* EXTRACTED MATERIAL
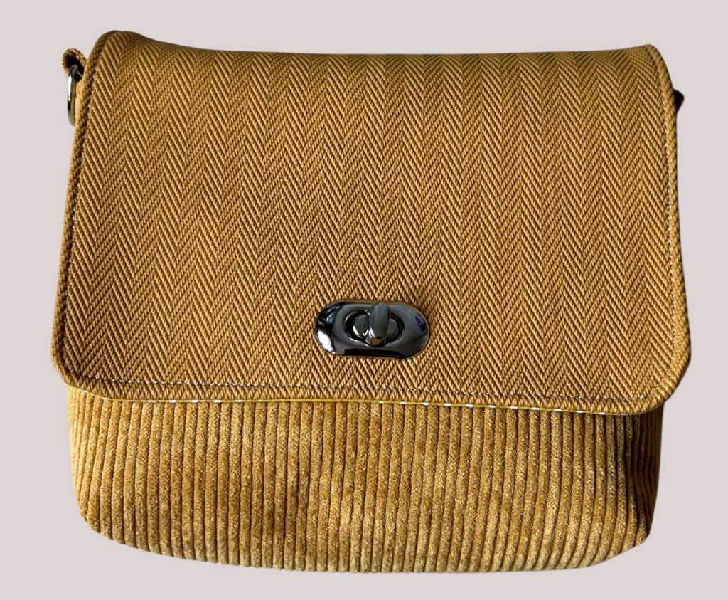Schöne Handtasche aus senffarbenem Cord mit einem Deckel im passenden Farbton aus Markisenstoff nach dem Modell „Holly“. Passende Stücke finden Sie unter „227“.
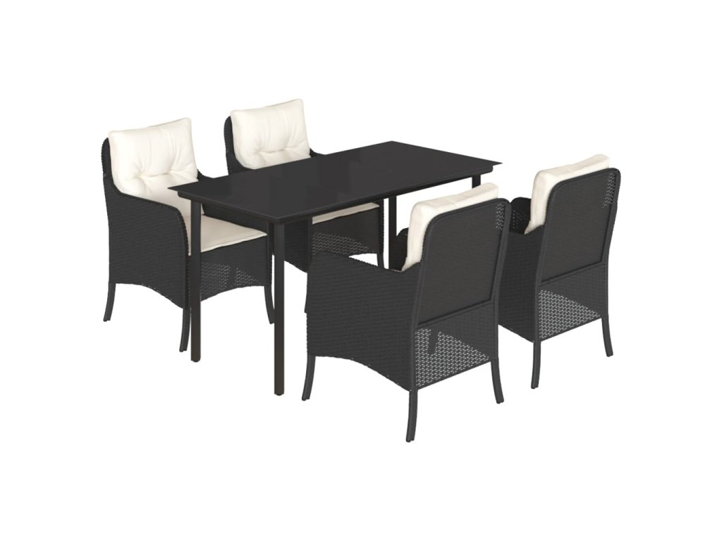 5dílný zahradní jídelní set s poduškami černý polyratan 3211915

* * *

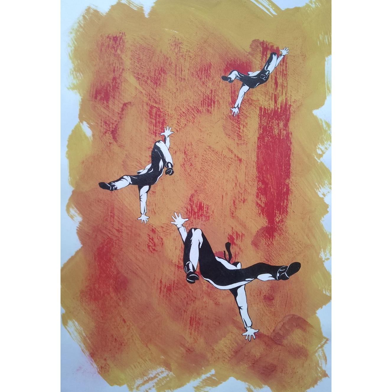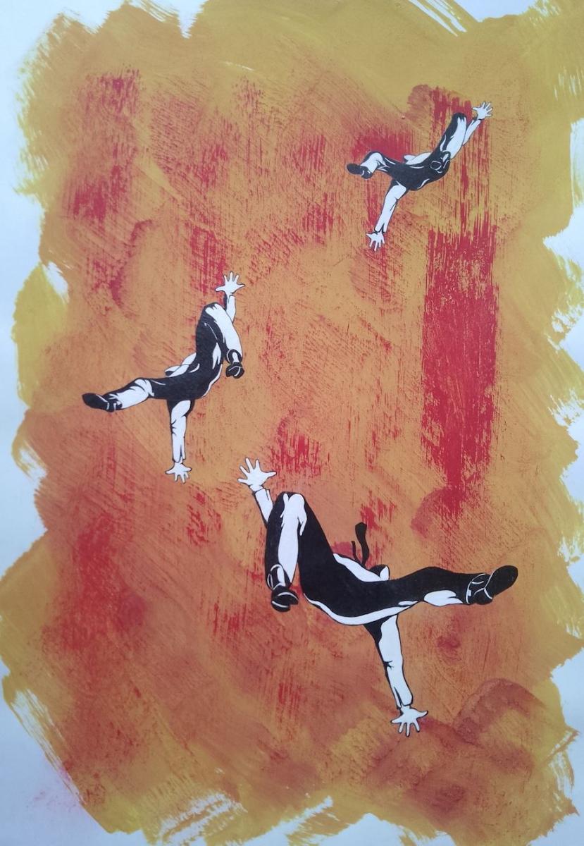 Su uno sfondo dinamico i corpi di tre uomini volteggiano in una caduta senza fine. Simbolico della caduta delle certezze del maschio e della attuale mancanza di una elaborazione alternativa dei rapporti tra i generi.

--

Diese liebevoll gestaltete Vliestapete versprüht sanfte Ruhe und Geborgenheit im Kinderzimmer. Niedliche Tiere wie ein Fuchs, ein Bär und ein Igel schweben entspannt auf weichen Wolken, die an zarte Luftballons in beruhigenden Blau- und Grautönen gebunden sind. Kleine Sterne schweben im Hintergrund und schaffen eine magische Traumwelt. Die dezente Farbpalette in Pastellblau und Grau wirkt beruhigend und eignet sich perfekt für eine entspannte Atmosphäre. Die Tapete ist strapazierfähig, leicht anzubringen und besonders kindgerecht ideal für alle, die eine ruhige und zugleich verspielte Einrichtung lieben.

* WHAT THE TASK ASKS
Output exactly those lines of the data above that run from the line with "Schöne Handtasche aus" up to and including the line with "5dílný zahradní jídelní". No pictures go in.

* FINAL ANSWER
Schöne Handtasche aus senffarbenem Cord mit einem Deckel im passenden Farbton aus Markisenstoff nach dem Modell „Holly“. Passende Stücke finden Sie unter „227“.
 5dílný zahradní jídelní set s poduškami černý polyratan 3211915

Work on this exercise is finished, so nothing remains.